=== Begin Enclosure ===
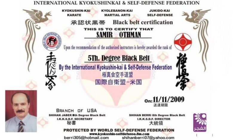 الإتحاد الدولي للكيوكو شنكاي والدفاع عن النفس يمنح سمير عثامنة شهادة الحزام الأسود 5 دان الفخرية
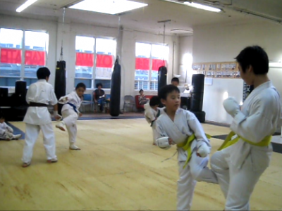 JUGEMテーマ:空手Adultティーンクラス 伸び伸びやるのはいいんですけどコイツラ少々おふざけが・・・ 紳よ、お前もか 基本的に子供たちの自主性を重んじて・・・ とか言いたいとこなんですけど アレ、当たっちゃったょ クリックお願いしますNYへっぽこ空手先生topへ道場ホームページ
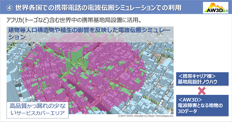 もう一つは、多様な技術が連携することによって新しい価値を生んだ例です。「世界各国での携帯電話の電波伝搬シミュレーションでの利用」では、パートナーとなる他社の電波のシミュレーション技術と、私たちの地図データを持ち寄ってスタートしたプロジェクトです。
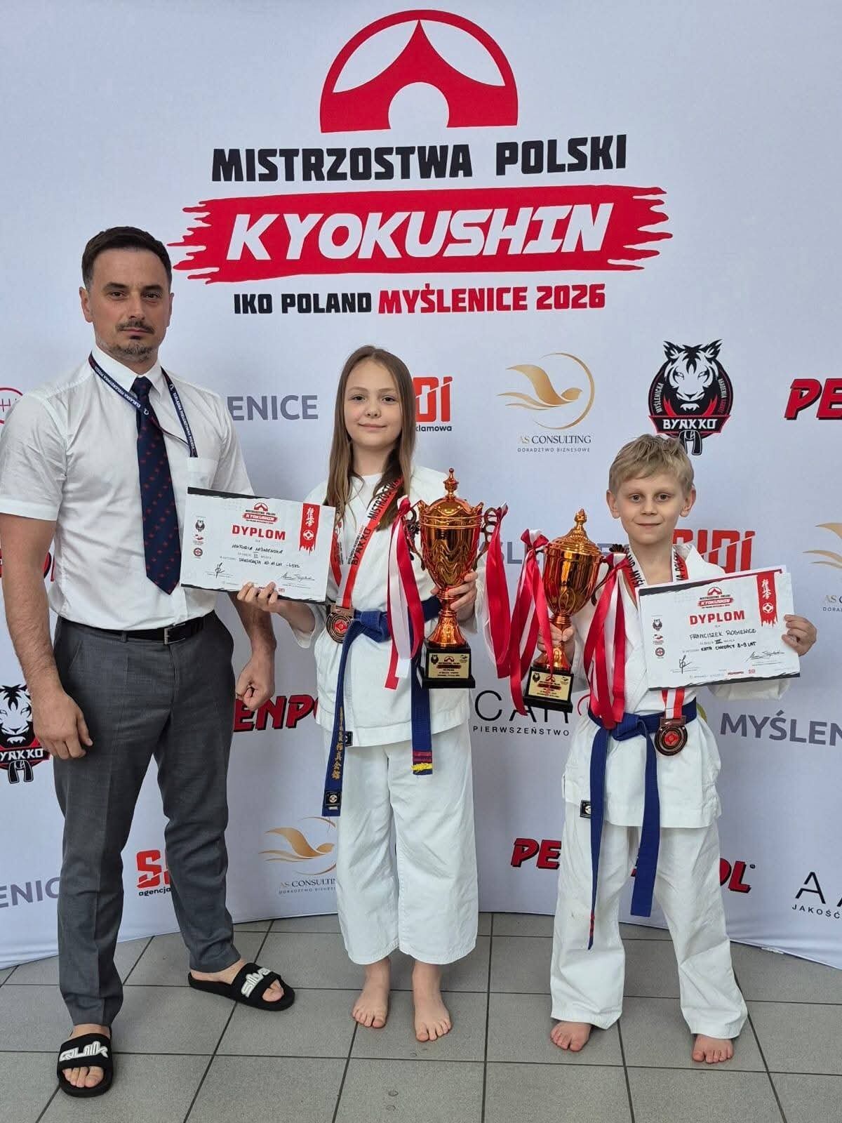 Z dumą informujemy o sukcesie ucznia naszej szkoły, Franciszka Rogiewicza z klasy 2b, który wziął udział w Mistrzostwach Polski Kyokushin IKO Poland, rozegranych 11 kwietnia 2026 roku w Myślenicach.
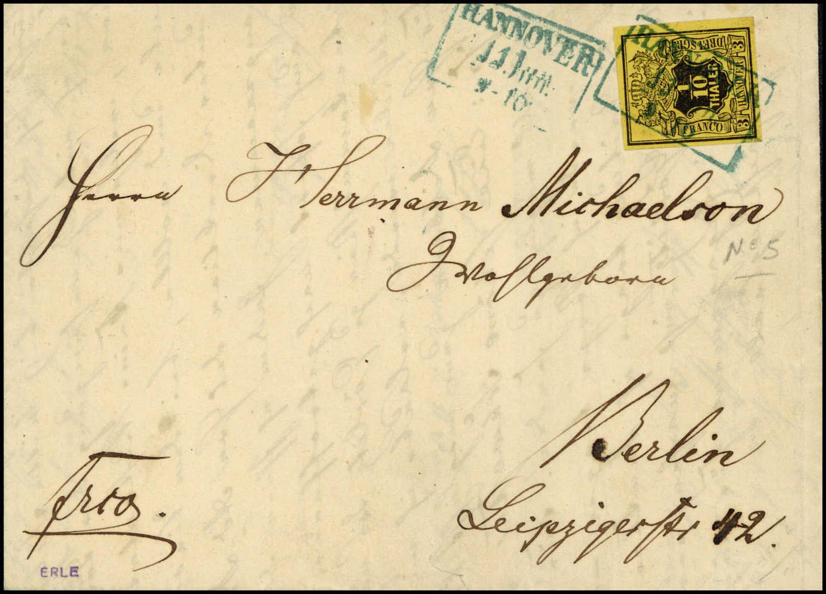 1/10 Th., schöner weißer Luxusbrief mit blauem R2 HANNOVER nach Berlin. Katalogpreis: 150,-+
=== End Enclosure ===
▶ **WHAT IS BEING ASKED**
Working from the records above, reproduce exactly the lines from the one with "JUGEMテーマ:空手Adultティーンクラス 伸び伸びやるのはいいんですけどコイツラ少々おふざけが・・・ 紳よ、お前もか" through the last line, without the pictures.

▶ **ANSWER SPACE**
 JUGEMテーマ:空手Adultティーンクラス 伸び伸びやるのはいいんですけどコイツラ少々おふざけが・・・ 紳よ、お前もか 基本的に子供たちの自主性を重んじて・・・ とか言いたいとこなんですけど アレ、当たっちゃったょ クリックお願いしますNYへっぽこ空手先生topへ道場ホームページ
 もう一つは、多様な技術が連携することによって新しい価値を生んだ例です。「世界各国での携帯電話の電波伝搬シミュレーションでの利用」では、パートナーとなる他社の電波のシミュレーション技術と、私たちの地図データを持ち寄ってスタートしたプロジェクトです。
 Z dumą informujemy o sukcesie ucznia naszej szkoły, Franciszka Rogiewicza z klasy 2b, który wziął udział w Mistrzostwach Polski Kyokushin IKO Poland, rozegranych 11 kwietnia 2026 roku w Myślenicach.
 1/10 Th., schöner weißer Luxusbrief mit blauem R2 HANNOVER nach Berlin. Katalogpreis: 150,-+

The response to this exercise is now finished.